* **BRIEF**:
Only the lines from the one containing "注:招生专业及计划数仅供参考" to the end of the listing below should be returned, exactly as written and without pictures.

━━ INFORMATION PROVIDED ━━

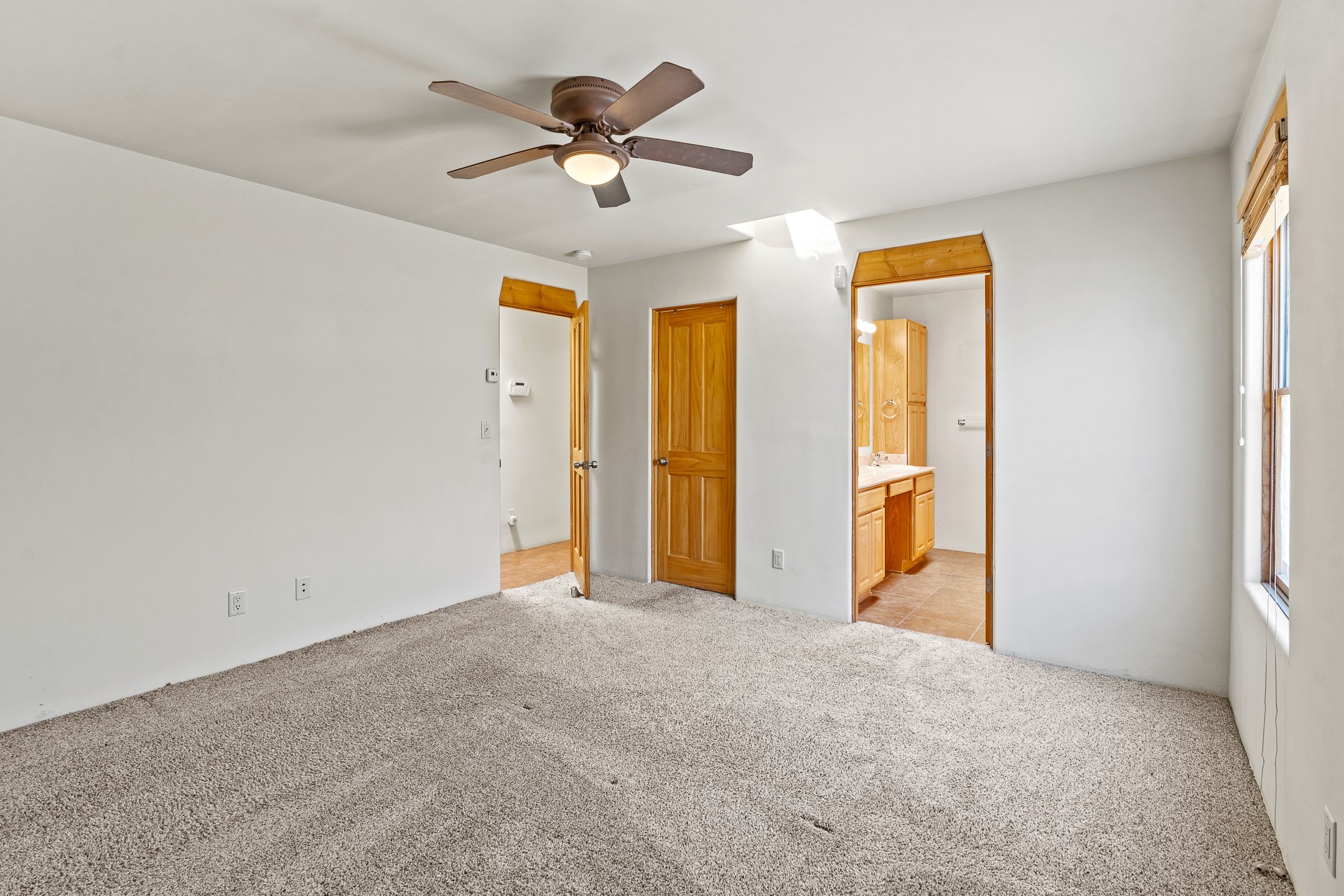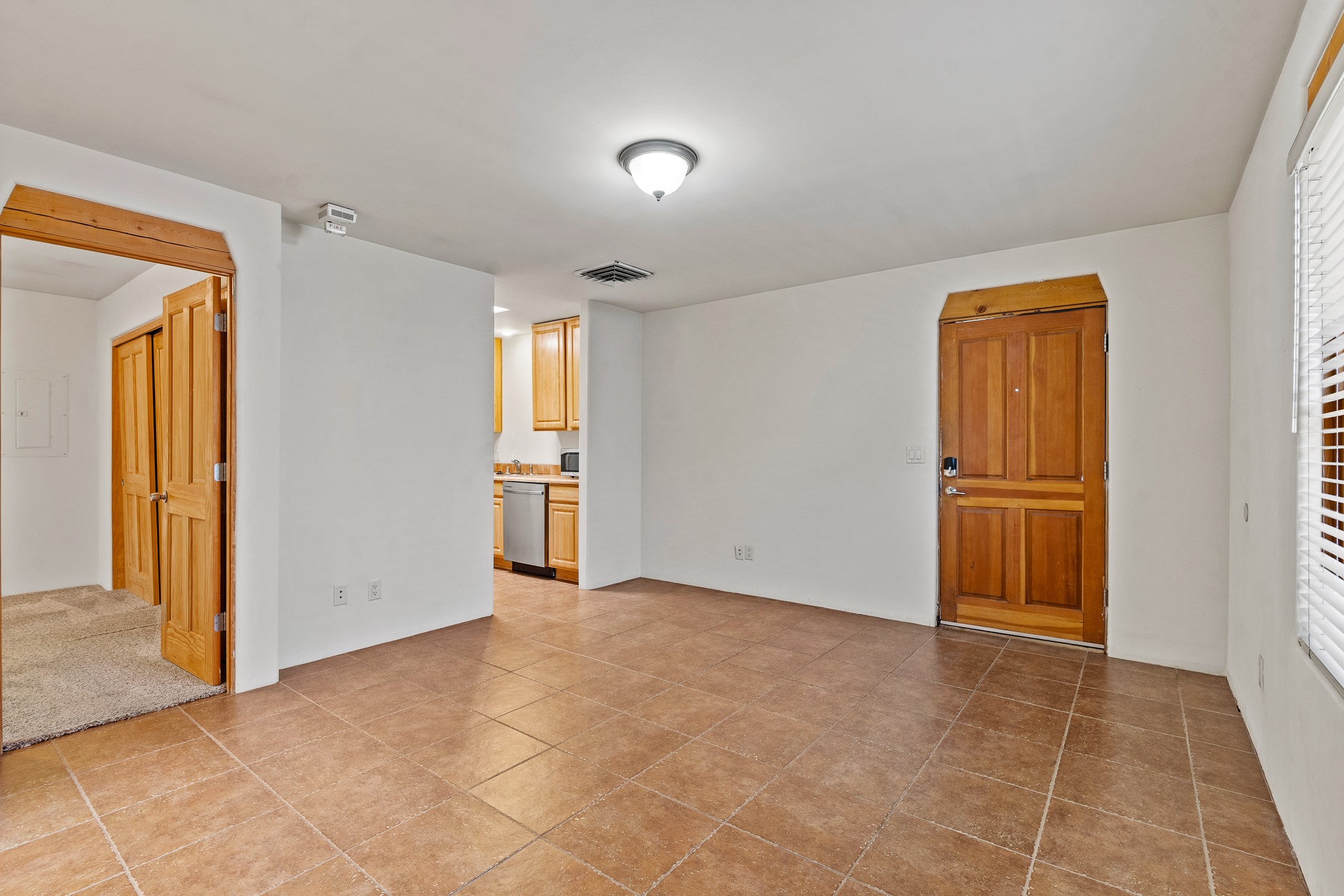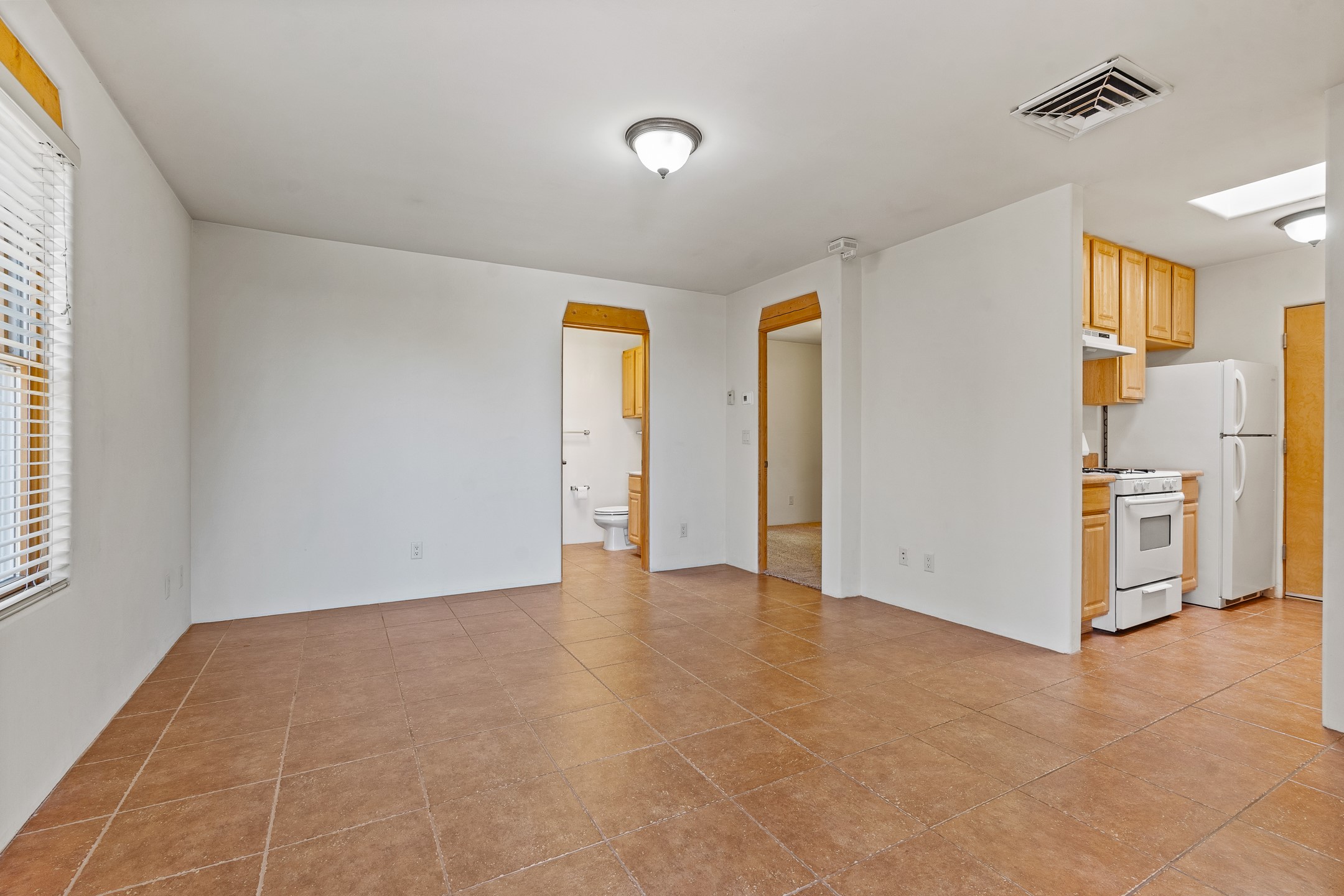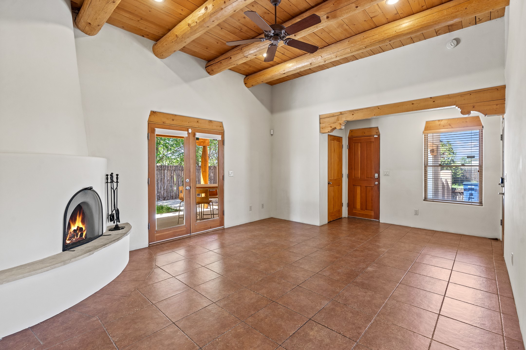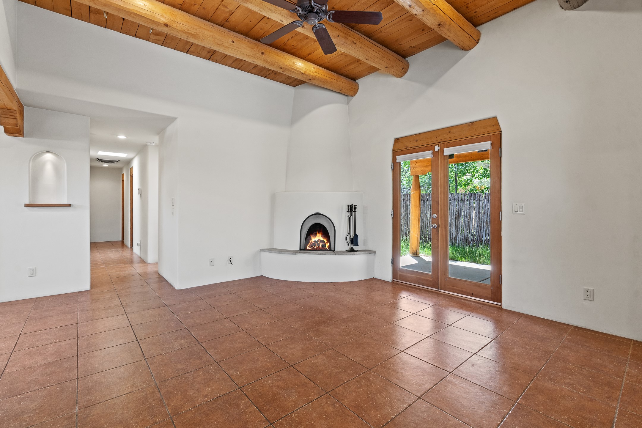 A versatile and charming property featuring a 3-bedroom, 2-bath main house plus a separate 1-bedroom, 1-bath guest house; ideal for rental income, extended family, or a home studio. The main house offers a spacious living area with tile floors, wood-beamed ceilings, and a traditional kiva fireplace, opening into the dining and kitchen area and a lovely covered patio area in a fully fenced yard. The primary suite includes a private bath and walk-in closet. A two-car garage adds to the flexible usage of the property. The guest house has its own entrance and includes a living area, kitchenette, bedroom, and full bath. There is also a washer / dryer hook-up, and it is separately metered. Centrally located, less than a 10-minute walk to restaurants such as Escondido and Tumbleroot Brewery, and a 10-minute drive to the Plaza.
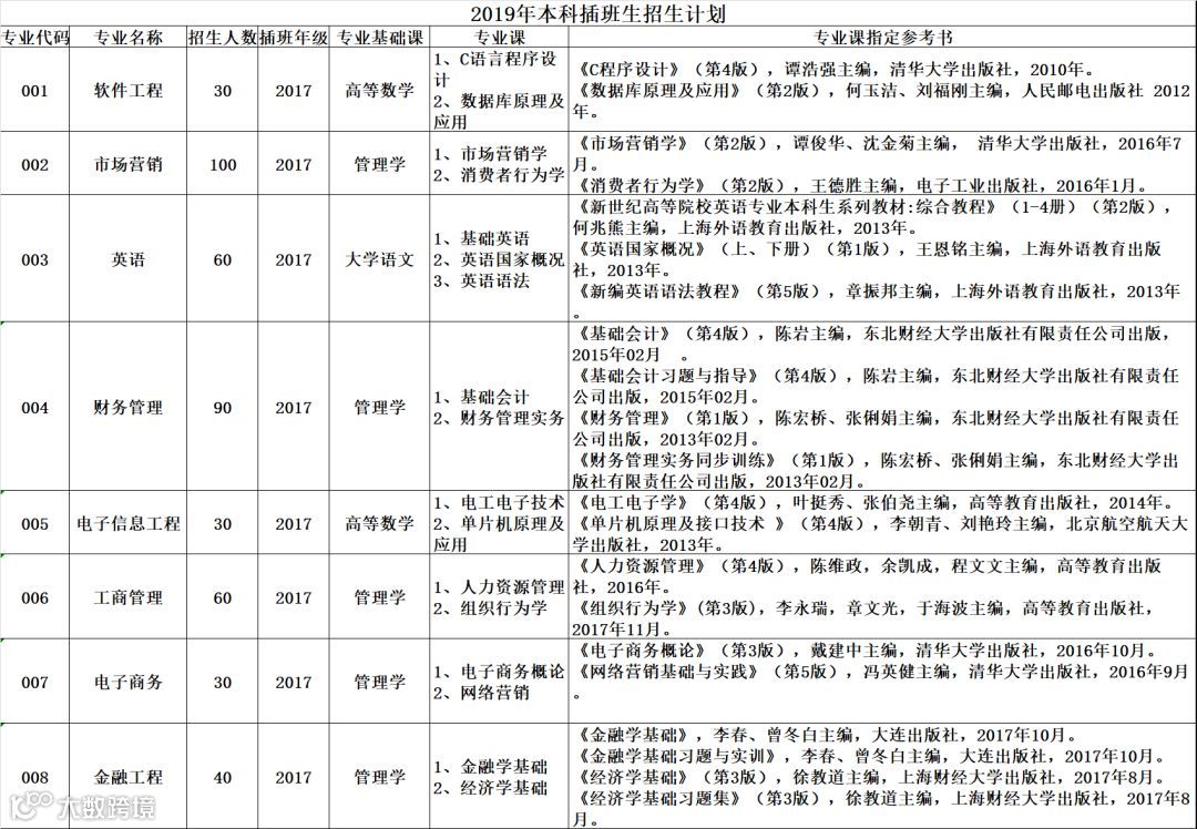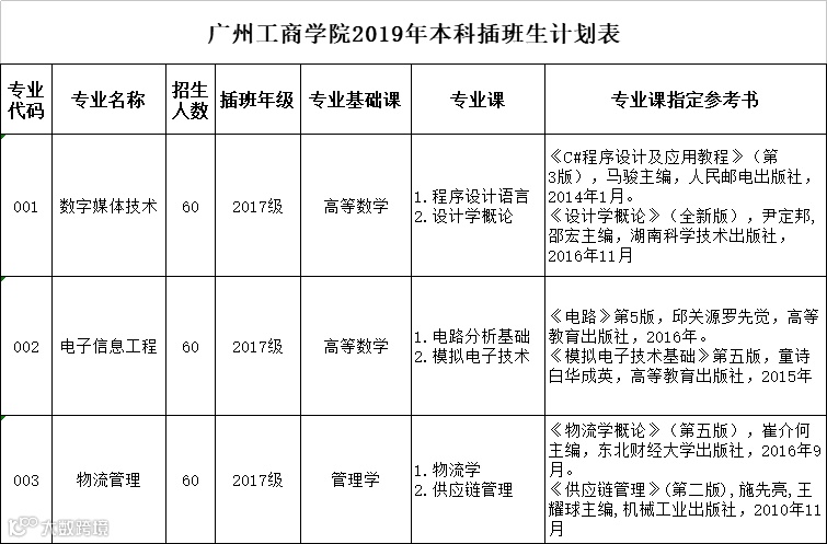 注:招生专业及计划数仅供参考,以广东省教育考试院编制的《广东省普通高等学校2019年本科插班生招生考试大纲及专业目录》为准。
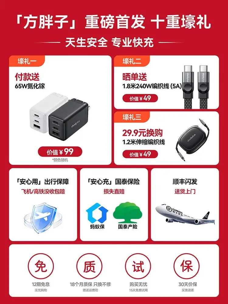 此外在新品首销期间,下单即送价值99元的thinkplus 65W氮化镓三口充电器,晒单还能再送价值49元的1.8米240W编织快充线。目前该产品已加入天猫“安心充电”计划,进入天猫搜索“安心充电”可直达专区选购产品,额外赠送一份“安心充电险”保单。
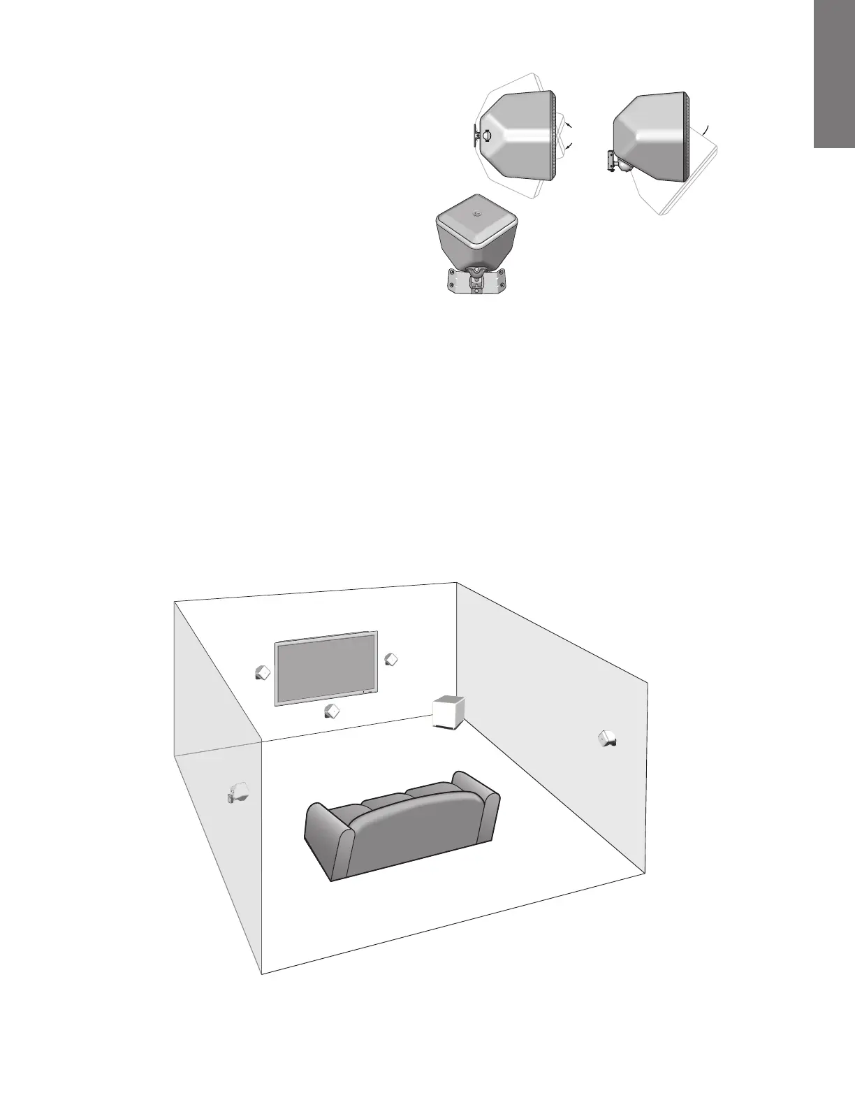 komma från huvudhögtalarna. Experimentering är nyckeln men de flesta placeringar i rummet fungerar bra.

━━━

* **EXERCISE RESPONSE**:
 注:招生专业及计划数仅供参考,以广东省教育考试院编制的《广东省普通高等学校2019年本科插班生招生考试大纲及专业目录》为准。
 此外在新品首销期间,下单即送价值99元的thinkplus 65W氮化镓三口充电器,晒单还能再送价值49元的1.8米240W编织快充线。目前该产品已加入天猫“安心充电”计划,进入天猫搜索“安心充电”可直达专区选购产品,额外赠送一份“安心充电险”保单。
 komma från huvudhögtalarna. Experimentering är nyckeln men de flesta placeringar i rummet fungerar bra.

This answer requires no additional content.